Потом Свидольф, как репей, прицепился к Пупырю, чтоб тот тоже спел с ними за компанию, клялся чуть ли не в дружбе до гроба (до которого Свидольфу было, надо полагать, рукой подать), обещал устроить Пупыриную свадьбу с Валонгой, полностью согласился с Пупырем, что «Улька — дура толстозадая, и пусть идет себе за Толстого Мяся и рожает ему Толстеньких Мясиков!»
Правда, петь Пупырь наотрез отказался и в конце концов признался:
— Голос у меня сильный — но гнусный! У комарей на лету носики отваливаются...
Тогда от него отстали, сочтя причину достаточно уважительной.
А вот Талька так и не объявился, и это начало меня не на шутку беспокоить. Веселье было в полном разгаре, так что моего ухода никто и не заметил.
...Я нашел его в сарае, на куче сена. Пацан метался, словно в бреду, глаза его страшно закатились, губы посинели, руки судорожно дергались, и изо рта время от времени вылетали какие-то невнятные выкрики...

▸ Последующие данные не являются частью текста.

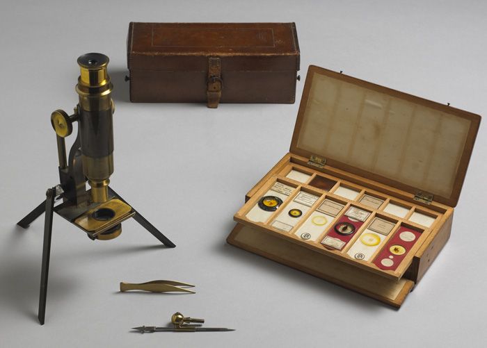 A small brass travelling monocular microscope with integral tripod stand and tweezers, contained in original leather case. Together with a small oak case containing 10 20th Century specimen slides. The slides with the monogram of Sir Philip Brocklehurst who gifted them to Bob Bell, a biologist with The British Antarctic Survey Team during the 1970s. Both items are believed to have been on the Nimrod during the 1907 expedition. Also with The Shackleton Voyages by Roland Huntford, London 2002, 288pp. Shackleton at South Georgia by Robert Burton and Stephen Venables, signed by the latter and a 2011 Aurora Expeditions booklet. (5 items)

Хмель как молотом вышибло у меня из головы.
— Чек, Вила, идите сюда! Тальке плохо! Да скорее же!..
Послышался топот ног.
Примчались все. Вила тут же захлопотала возле Тальки, Черчек побежал за своими припарками, в дверях толпились испуганные и притихшие ребята с Выселок, а сквозь их заслон все пытался прорваться спотыкающийся Свидольф.
— Пустите, пустите меня! — чуть не плакал он. — Я помогу, я лечить умею, у меня сила есть, Ее сила, но все равно... да разойдитесь же, чтоб вас всех добром завалило!..
А потом Талька открыл глаза и посмотрел на меня совершенно осмысленно.
— Дядя Бакс, — прошептал он, — нам в Ларь идти надо. Там... Дядя Бакс, Вила — дайте мне руки, я вам покажу! Там — мама...
32.
Грустным языком оближет
мира старого корова
на песке арены лужу
пролитой горячей крови.
ТОРГОВЕЦ ЧУМБА, ХОЗЯИН СЛОВА
...было то вечером. Сидел я при свече и думал. Да не о товаре или там о барыше — о Нем думал. О Том... о ком давеча пришлый охотник рассказывал, а глаза у охотника... давно я таких глаз не видел.
Ночь уже спустилась. Редко где окна светились подслеповато, а фонари — и подавно. Дома мрачные стояли, серые — как надгробия. И тоскливо мне вдруг сделалось.
Вот тут-то я шаги и услышал. Двое шли. Странно как-то шли — по топоту слыхать. Не топочут так ночью. Пригасил я свечку, в окно выглянул — и точно. Идут двое. С топорами на плечах. И вроде как неживые — ноги плохо гнутся, руки на топорищах закаменели, головы не повернут...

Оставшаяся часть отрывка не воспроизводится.